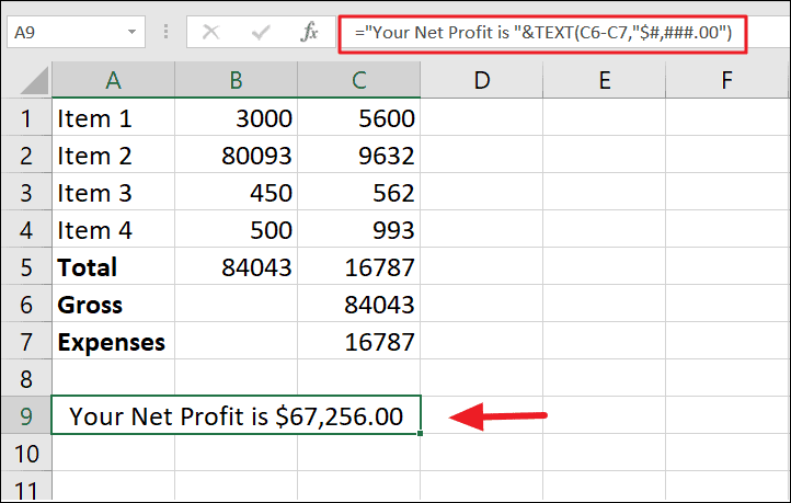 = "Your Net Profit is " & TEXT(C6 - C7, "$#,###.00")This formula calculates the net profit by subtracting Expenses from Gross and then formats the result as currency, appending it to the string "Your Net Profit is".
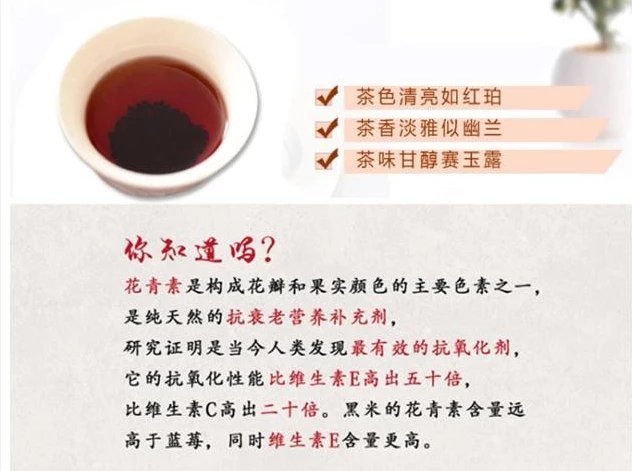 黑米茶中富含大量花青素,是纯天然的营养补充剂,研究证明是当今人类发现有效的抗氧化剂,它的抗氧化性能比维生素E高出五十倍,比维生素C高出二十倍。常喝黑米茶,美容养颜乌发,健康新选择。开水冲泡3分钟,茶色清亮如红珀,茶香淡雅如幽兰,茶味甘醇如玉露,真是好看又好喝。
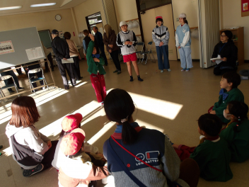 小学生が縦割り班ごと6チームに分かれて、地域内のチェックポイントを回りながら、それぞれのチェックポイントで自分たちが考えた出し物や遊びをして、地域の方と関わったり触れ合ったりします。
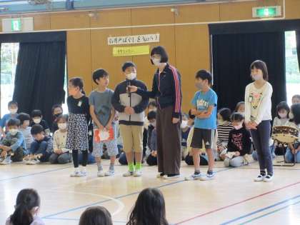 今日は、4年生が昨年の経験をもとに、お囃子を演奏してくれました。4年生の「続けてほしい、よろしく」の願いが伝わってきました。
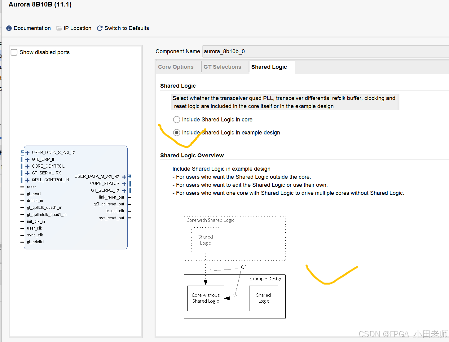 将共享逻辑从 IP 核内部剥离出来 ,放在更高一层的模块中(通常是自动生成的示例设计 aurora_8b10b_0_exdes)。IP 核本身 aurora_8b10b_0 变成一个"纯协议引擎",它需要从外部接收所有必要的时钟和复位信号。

==============================

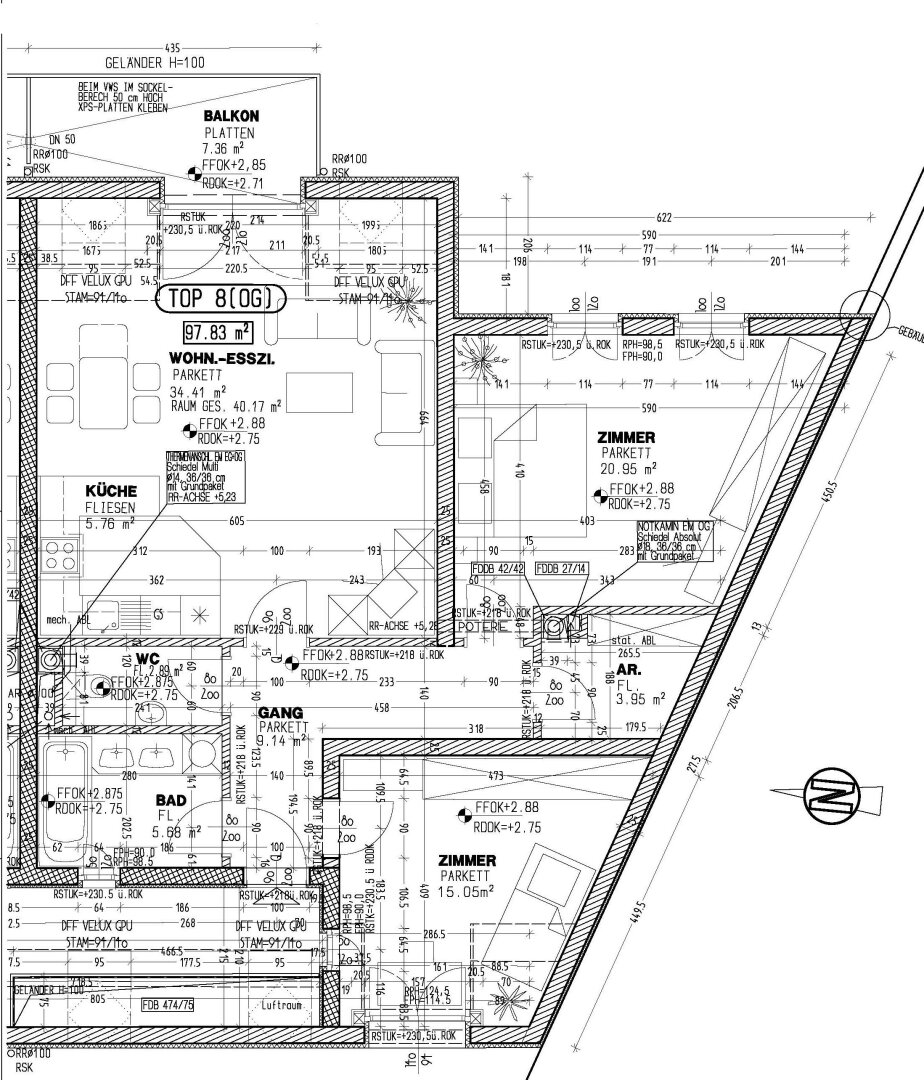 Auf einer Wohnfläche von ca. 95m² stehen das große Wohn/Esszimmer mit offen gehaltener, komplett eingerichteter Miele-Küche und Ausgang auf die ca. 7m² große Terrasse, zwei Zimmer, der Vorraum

==============================

**WORK TO COMPLETE:** Reproduce, word for word, only the lines in the records above from the line with "小学生が縦割り班ごと6チーム" through the line with "将共享逻辑从 IP 核内部剥离出来", including both ends; omit the pictures.

**SOLUTION TO THIS PROBLEM:**
 小学生が縦割り班ごと6チームに分かれて、地域内のチェックポイントを回りながら、それぞれのチェックポイントで自分たちが考えた出し物や遊びをして、地域の方と関わったり触れ合ったりします。
 今日は、4年生が昨年の経験をもとに、お囃子を演奏してくれました。4年生の「続けてほしい、よろしく」の願いが伝わってきました。
 将共享逻辑从 IP 核内部剥离出来 ,放在更高一层的模块中(通常是自动生成的示例设计 aurora_8b10b_0_exdes)。IP 核本身 aurora_8b10b_0 变成一个"纯协议引擎",它需要从外部接收所有必要的时钟和复位信号。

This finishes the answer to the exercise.